Spending time with Ackerman reminded Story of both the camaraderie between and virtuosity of the core Windham Hill artists in the ‘80s, a vibe best captured on the essential 1982 album An Evening With Windham Hill Live. She remembers the major key-favoring Winston once playfully asking her why she began her song “Wedding Rain” with such dissonant notes, and another instance when Hedges almost scared her off from playing one of her own compositions.
“The very first time that I met Michael, we were doing a show with a bunch of us from the label,” she says. “Michael was sitting at the piano already. He was playing [the title track from] Solid Colors and I went, what?

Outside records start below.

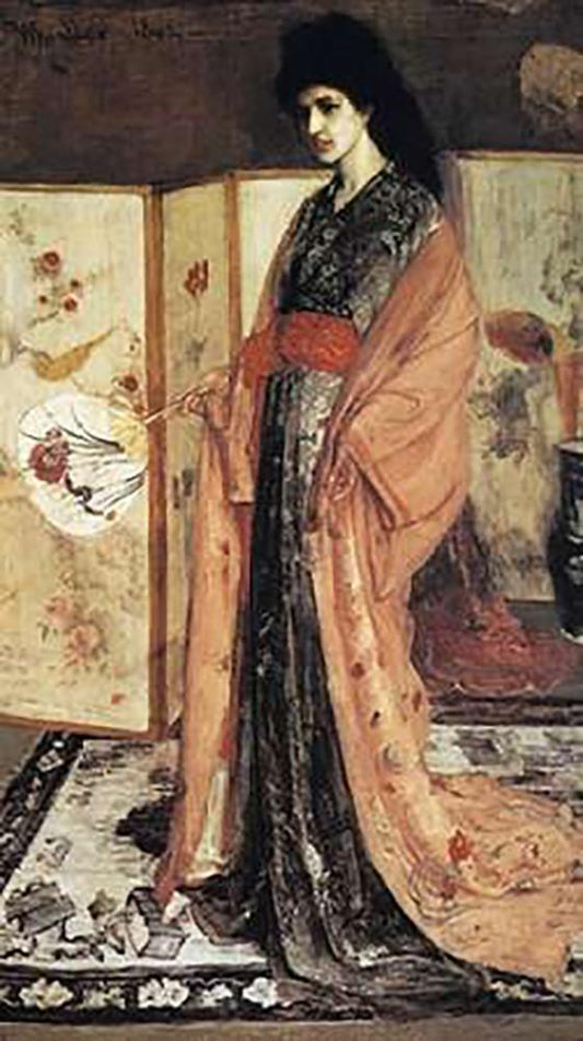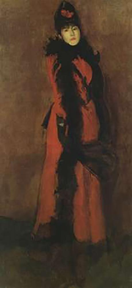 Red And Black The Fan 1891 White Modern Wood Framed Art Print with Double Matting by Whistler, James McNeill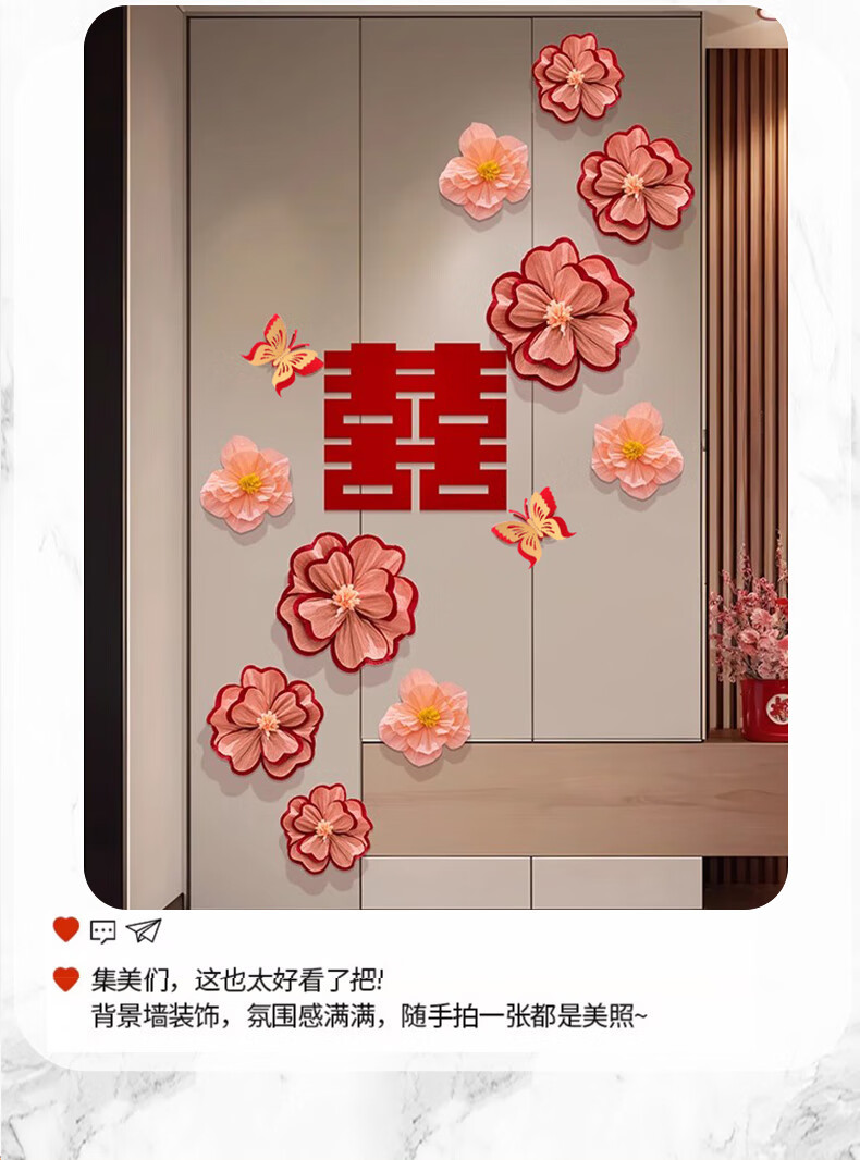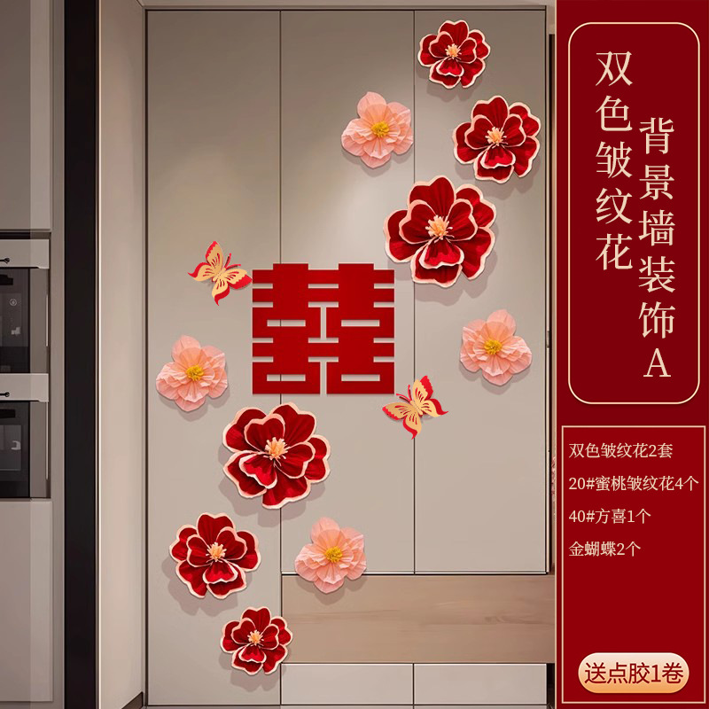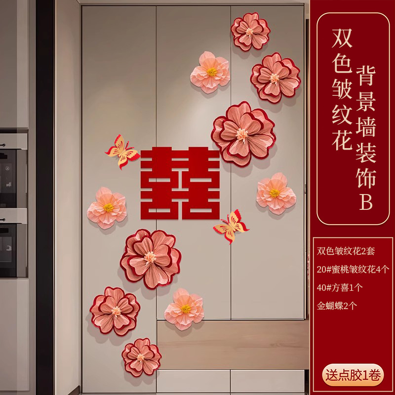 웨딩 룸 장식 주름 종이 꽃 3 차원 크레이프 종이 꽃 웨딩 종이 팬 꽃 침대 옆 침실 배경 벽 장식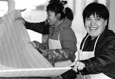 河北省衡水市冀州市田园棉公司员工正在检验生产的新产品,该公司生产的系列棉制品除销往全国各地外,还出口创汇。衡水种棉历史悠久,是全国重要的棉花生产基地,辖区内的冀州市为“全国棉花生产百强县(市)”,该地棉制品加工生产独具特色,“公司+农户”的经营模式深受欢迎。 本报记者 李景录 通讯员 李 丽摄影报道

I thought he was just a guitarist! I said to myself, I hope I play the song that well later tonight.”
Looking ahead, Story won’t rule out recording some new compositions (“Actually, I did start something, but I decided, no … not until after Carnegie”), but, inspired by the outpouring of support in the wake of her illness, is more interested in utilizing her future concerts as a way to give back to humanity at large. Her next scheduled show will be Jan. 19 at the Buckman Performing and Fine Arts Center in Memphis.
“I was a caregiver for my parents for several years before they died, so I’m very interested in doing some concerts that could benefit other people,” she says. “I would look forward to that. I would like to be able to have the feeling that I’m not just on the road making money and touring, so if you have some deep, profound thing you want to support, let me know.”
Best of all, Story has rekindled her love of the piano, which has been a crucial palliative during a time of great personal challenge. “It’s not just a state of mind,” she says, walking over to Hoefer’s Steinway Grand to demonstrate the difference between a major scale and its individual triads. “It’s an actual feeling, of an energetic quality. It’s like going for a walk as opposed to just thinking about something. The physical nature of it is so essential and brings you into the intimacy of the moment. My entire musical everything is at the piano.”